On the other hand, dropping $20k on speakers when you only make $21k a year then you probably are in the exact same sinking boat.
An addiction is unhealthy because it interferes with a person's normal interaction with the world. If you start caring about audio fidelity more than feeding yourself that is IMHO abnormal behavior.
Besides, at $10-$15 per CD, I bet everyone knows somebody who owns several thousand dollars worth of music. Why play them on a $200 stereo? It's like putting a 60GB hard drive in a 486.
--
314-15-9265
They sell all the crack they own at fire sale prices to buy more audio equipment
There's always the haunting fear in any audiophile's heart that there's something better out there. That's exactly why a good dealer is imperative.

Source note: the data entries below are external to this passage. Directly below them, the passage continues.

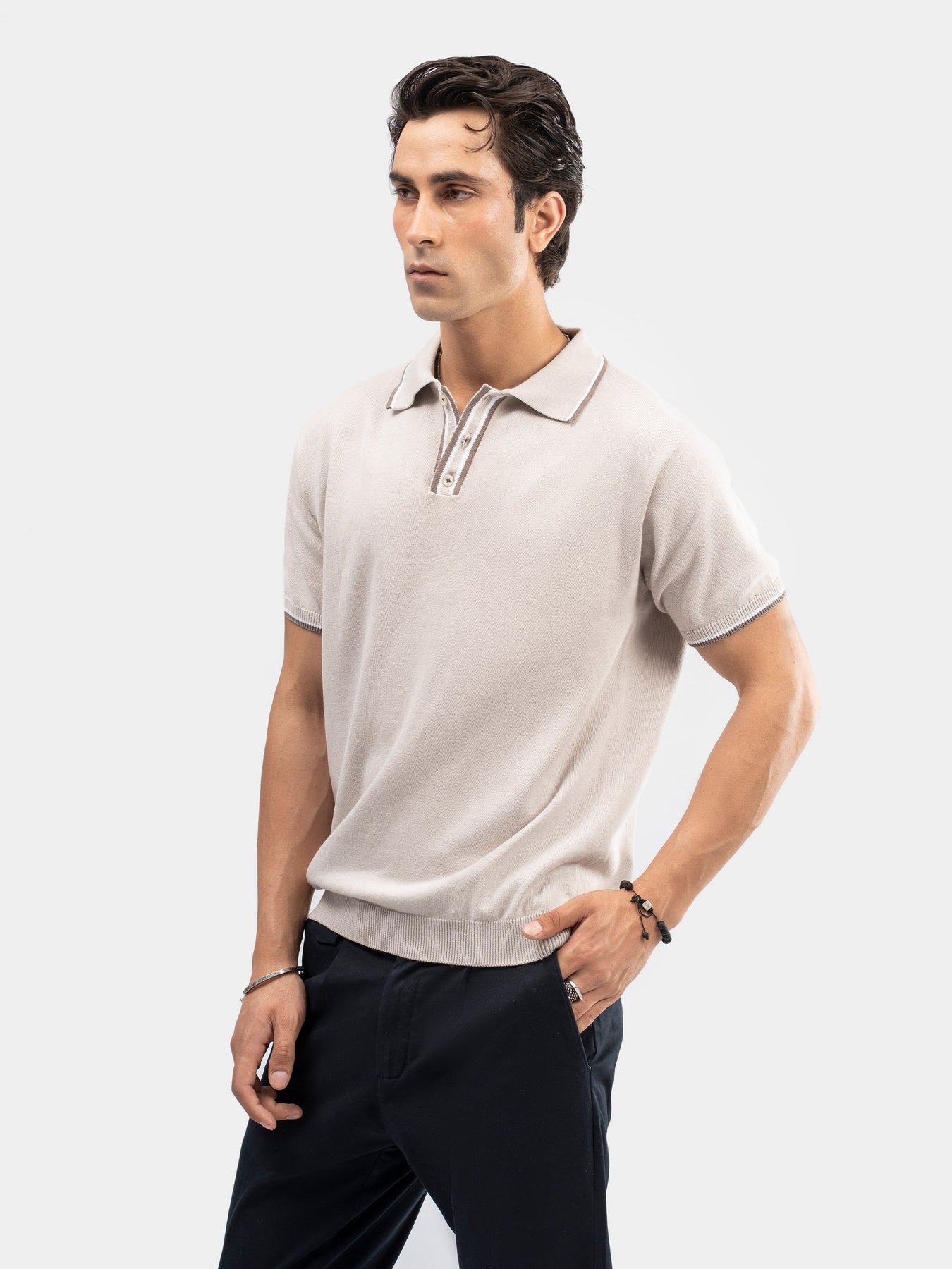 A smart casual essential, this beige flat knit polo features a contrasting placket with tipped collar and sleeves for a refined look. Made from comfortable flat knitted fabric, it pairs easily with chinos or denim for effortless everyday style.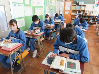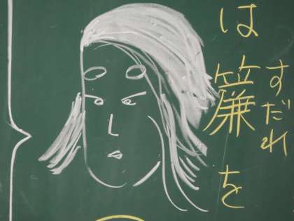 3Aは国語の授業です。「枕草子」の授業でした。中学生で誰もが経験した授業です。わかりやすく授業を進めていただくのですが、やはり難しい部分があるようです。黒板の絵は、伊藤先生作です。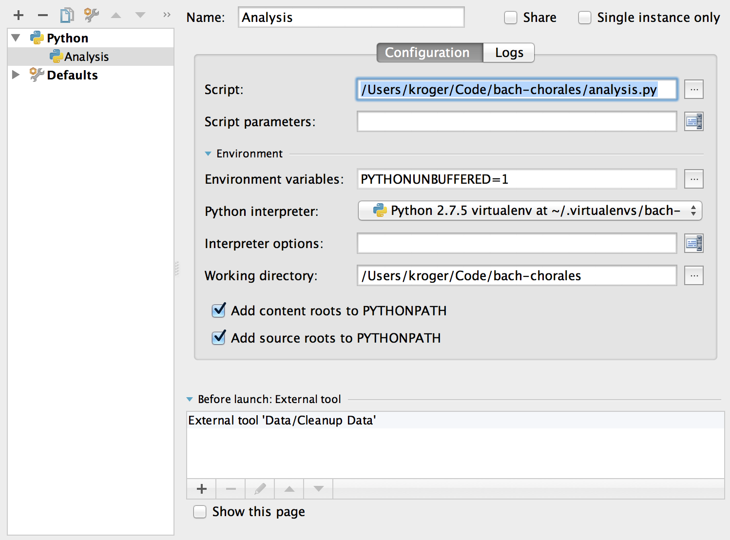 PyCharm creates a new configuration named analysis: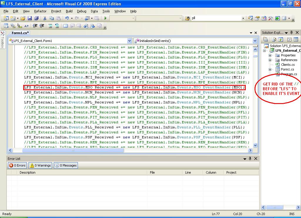 after when i finished doin somthing with the inSim in C# 2008 i pressed F6 and it said build succeded so that was good... But when i went into LFS_External_Client/Bin/Release and i clicked on the Exe when it had connected to my server i went on it but when i typed in !help Nothing happend... No commands showed up at all it did say it back to me just accepted it but it wouldnt give me the commands. Thanks please help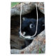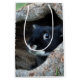 Vita, svarta och vita, som pockar det är ett huvud ut ur en träd.

on the topic of this story if you substituted "audiophile" with "drug user" the quote above would be just as applicable.
- j
They have got to be kidding! Does that quartet come with a free SUV, too?! When I was in music school, I can't recall how many gigs my friends and I played simply for food.
Let's see. $140/4 people = $35,000 per wirehead, and what, let's say 4 hours on the patio? So, that's 208 hours. That's $168/hr. That's attorney-range, not musician range.

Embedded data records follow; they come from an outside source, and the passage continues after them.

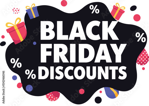 Black Friday Discounts Promotion Graphic with Gift Boxes and Percentage Symbols for Shopping Sales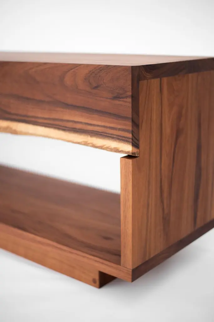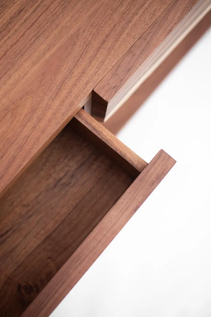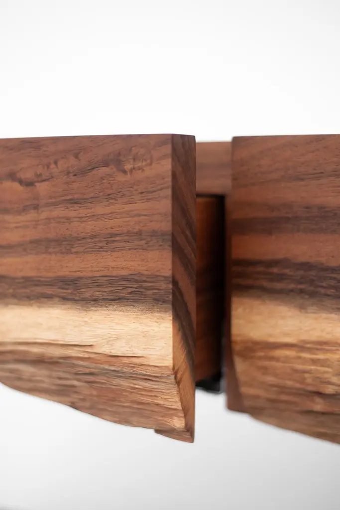 The simple and lightweight construction of this piece aims to highlight the intrinsic beauty of tropical wood, showcasing its extraordinary organic features with meticulous attention to detail and the highest quality finishes.The console includes three spacious drawers, with fronts crafted from a Caribbean Walnut plank that retains its natural characteristics.Each unit is unique, with the wood individually selected to create an original and distinctive composition.finish : waxavailable in: Caribbean Walnut_Our pieces have a finish based on natural waxes and oils that protect the surface, accentuate the grain and texture and preserve the warm feeling of the wood.All the wood that we work with to create our pieces comes from local "ejidos" (communal land) with responsible forestry management programs and certificates._Wood is a natural and organic element. It will vary in color and grain according to each wood plank’s unique characteristics and applied finish. The image shows only one hue of many, making each chair a one-of-a-kind piece of furniture.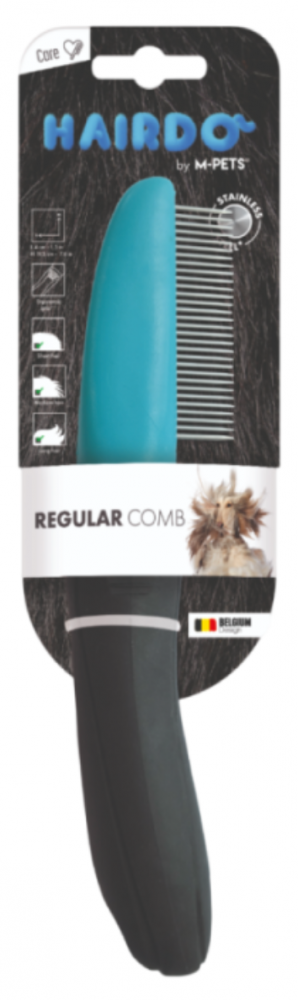Расческа для собак M-PETS c частыми зубцами. Подходит для тщательного расчесывания. Используйте расческу для удаления отмершей и линяющей шерсти длинношерстных собак, а так же при расчесывании колтунов и шерсти на лапах. Зубчики расположены перпендикулярно к рукоятке, что значительно облегчает вычесывание. Регулярное расчесывание предотвратит спутывание шерсти и образование колтунов. Возможно использование совместно со щеткой - пуходеркой. Расческа отличается удобной, прорезиненной, эргономичной ручкой. Подходит для всех пород и типов шерсти. Размер: 22 см. Материал: ABS, TPR, нержавеющая сталь. Цвет: черный с синим. Подробнее

Um, musicians don't make that kind of cash. (That's the reason I got a job being a programmer, not a pro musician.)
Even if the biz agency took a 90% cut, it's still ridiculous.
I can explanate how to administrate your network. You must configurate and segmentate it, so it can computate.

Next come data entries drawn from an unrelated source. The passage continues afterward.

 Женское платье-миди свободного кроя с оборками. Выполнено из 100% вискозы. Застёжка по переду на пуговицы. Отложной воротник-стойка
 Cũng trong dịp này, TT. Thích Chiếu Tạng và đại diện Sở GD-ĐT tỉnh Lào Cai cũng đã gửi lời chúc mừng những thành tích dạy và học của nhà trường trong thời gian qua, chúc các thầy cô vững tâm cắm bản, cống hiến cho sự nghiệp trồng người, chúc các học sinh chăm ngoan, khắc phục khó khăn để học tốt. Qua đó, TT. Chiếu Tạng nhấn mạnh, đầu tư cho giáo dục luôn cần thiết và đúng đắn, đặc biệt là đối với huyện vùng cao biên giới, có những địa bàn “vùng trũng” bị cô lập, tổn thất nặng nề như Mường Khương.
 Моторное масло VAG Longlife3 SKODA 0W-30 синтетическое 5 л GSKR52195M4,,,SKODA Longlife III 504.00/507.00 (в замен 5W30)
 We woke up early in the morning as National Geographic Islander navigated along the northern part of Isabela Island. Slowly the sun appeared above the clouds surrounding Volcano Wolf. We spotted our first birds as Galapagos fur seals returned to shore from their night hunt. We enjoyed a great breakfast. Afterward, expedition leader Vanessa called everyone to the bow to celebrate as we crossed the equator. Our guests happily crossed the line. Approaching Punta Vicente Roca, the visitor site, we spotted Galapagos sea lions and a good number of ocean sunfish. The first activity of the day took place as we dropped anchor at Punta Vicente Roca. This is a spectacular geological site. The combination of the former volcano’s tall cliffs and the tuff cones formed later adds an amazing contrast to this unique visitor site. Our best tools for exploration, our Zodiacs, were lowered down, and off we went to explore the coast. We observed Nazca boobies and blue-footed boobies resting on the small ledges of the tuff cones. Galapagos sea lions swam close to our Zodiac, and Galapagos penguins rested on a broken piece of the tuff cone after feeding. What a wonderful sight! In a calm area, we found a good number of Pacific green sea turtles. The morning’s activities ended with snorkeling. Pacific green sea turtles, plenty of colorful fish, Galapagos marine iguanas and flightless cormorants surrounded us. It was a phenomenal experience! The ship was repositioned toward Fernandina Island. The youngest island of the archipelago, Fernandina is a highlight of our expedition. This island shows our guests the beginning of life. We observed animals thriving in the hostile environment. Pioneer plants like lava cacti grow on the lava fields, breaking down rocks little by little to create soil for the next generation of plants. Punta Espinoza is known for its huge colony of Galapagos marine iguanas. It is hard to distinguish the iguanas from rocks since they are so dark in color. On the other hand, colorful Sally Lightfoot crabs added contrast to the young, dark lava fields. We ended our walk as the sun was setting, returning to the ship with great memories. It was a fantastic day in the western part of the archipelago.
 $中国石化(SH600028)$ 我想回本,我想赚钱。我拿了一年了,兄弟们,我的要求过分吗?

Are you saying that stereo effects are the only concern when reproducing audio, and that response and dynamics are inconsequential? Or are you saying that all but the most obscure releases are poor quality and sound engineers get paid lots of money for a job that could be done by a trained monkey?
Short of having the actual musicians in my living room, manually panned is what I get. Even if the music is entirely artificial there is a huge difference between qualities of reproduction.
Most people just don't understand, even those who like music. They shell out money for their sony integrated system, turn the bass up and think their sound is great.
What they don't realise is that for a relatively small amount more you can buy a system which is really good at reproducing sound. Those "companies with name you've never heard" are experts at reproducing music, comparing them with Sony or Panasonic is like comparing Porsche to Hayundai or GM. And the price difference is not necessarily that much, many hi-fi companies are producing cheaper components which are still high quality, to compete with the generic brand names. They continue to develop and use technology to reproduce music with cheaper equipment at higher quality.
If you're one of these people, I urge you to go down to your nearest hi-fi shop and ask to have a listen to some of their systems. If you have a typical integrated stereo at home, even the cheapest setups will amaze you. If you're willing to shell out a bit more, the music will be so realistic you can imagine the musicians standing in your living room when you close your eyes.
Admittedly, it can be a slippery slope but spending $140,000 is rare and really ridiculous. My system cost a bit over $3000 australian ($1600 and falling for you yanks) and I'm quite satisfied with it for any type of music (until I can afford a better one :-). But these days you can get a reasonably cheap system from companies who actually care about the music rather than their brand image. And you can also buy them from more local businesses, instead of sending the profits to some head office in Asia for products made as cheaply as possible in Taiwan.
...is what I keep reading from people. Person A says, "Come on, it can't sound so much better that it's worth THAT much more money." Person B responds with, "You've just never heard a really good high-end sound system! Go down to your local hi-fi shop and you'll see what we're talking about!"
:)
I have a problem with this. Near the beginning of the article, he said that the apparent goal of hardcore audiophiles was to be able to recreate the exact sound and feel of live music.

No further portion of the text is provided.